- Task to complete: Starting with the first line of the data that follows, transcribe every line verbatim until the line containing "تزریق و قالب" has been transcribed.

- Source material:
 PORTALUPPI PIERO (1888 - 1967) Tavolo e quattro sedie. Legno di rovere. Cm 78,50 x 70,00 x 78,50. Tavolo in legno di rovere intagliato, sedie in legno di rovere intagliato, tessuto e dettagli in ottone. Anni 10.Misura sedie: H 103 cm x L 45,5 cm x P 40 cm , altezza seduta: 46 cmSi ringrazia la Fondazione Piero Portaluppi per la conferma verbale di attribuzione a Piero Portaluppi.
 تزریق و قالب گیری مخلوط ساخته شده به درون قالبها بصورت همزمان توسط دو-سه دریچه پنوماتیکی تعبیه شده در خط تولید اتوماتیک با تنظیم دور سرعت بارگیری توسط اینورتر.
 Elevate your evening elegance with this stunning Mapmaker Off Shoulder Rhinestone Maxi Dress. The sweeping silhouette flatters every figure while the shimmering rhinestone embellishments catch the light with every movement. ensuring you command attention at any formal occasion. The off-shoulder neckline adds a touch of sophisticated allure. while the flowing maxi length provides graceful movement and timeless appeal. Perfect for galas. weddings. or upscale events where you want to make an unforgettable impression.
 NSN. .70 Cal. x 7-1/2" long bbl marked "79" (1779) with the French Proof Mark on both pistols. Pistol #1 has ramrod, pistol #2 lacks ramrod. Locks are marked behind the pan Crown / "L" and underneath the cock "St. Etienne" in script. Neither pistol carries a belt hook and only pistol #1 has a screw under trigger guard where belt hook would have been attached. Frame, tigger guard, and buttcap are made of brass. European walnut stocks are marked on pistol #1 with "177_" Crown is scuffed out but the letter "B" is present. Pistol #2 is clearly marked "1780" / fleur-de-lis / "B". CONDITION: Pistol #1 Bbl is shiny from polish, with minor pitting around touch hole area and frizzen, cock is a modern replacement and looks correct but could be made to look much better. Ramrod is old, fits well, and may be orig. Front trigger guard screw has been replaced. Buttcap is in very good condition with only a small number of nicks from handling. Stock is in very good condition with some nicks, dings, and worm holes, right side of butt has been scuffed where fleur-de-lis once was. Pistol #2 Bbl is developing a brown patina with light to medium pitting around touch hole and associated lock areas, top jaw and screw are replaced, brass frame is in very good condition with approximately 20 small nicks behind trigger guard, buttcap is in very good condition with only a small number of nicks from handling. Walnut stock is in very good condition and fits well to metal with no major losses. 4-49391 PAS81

- Your solution:
 PORTALUPPI PIERO (1888 - 1967) Tavolo e quattro sedie. Legno di rovere. Cm 78,50 x 70,00 x 78,50. Tavolo in legno di rovere intagliato, sedie in legno di rovere intagliato, tessuto e dettagli in ottone. Anni 10.Misura sedie: H 103 cm x L 45,5 cm x P 40 cm , altezza seduta: 46 cmSi ringrazia la Fondazione Piero Portaluppi per la conferma verbale di attribuzione a Piero Portaluppi.
 تزریق و قالب گیری مخلوط ساخته شده به درون قالبها بصورت همزمان توسط دو-سه دریچه پنوماتیکی تعبیه شده در خط تولید اتوماتیک با تنظیم دور سرعت بارگیری توسط اینورتر.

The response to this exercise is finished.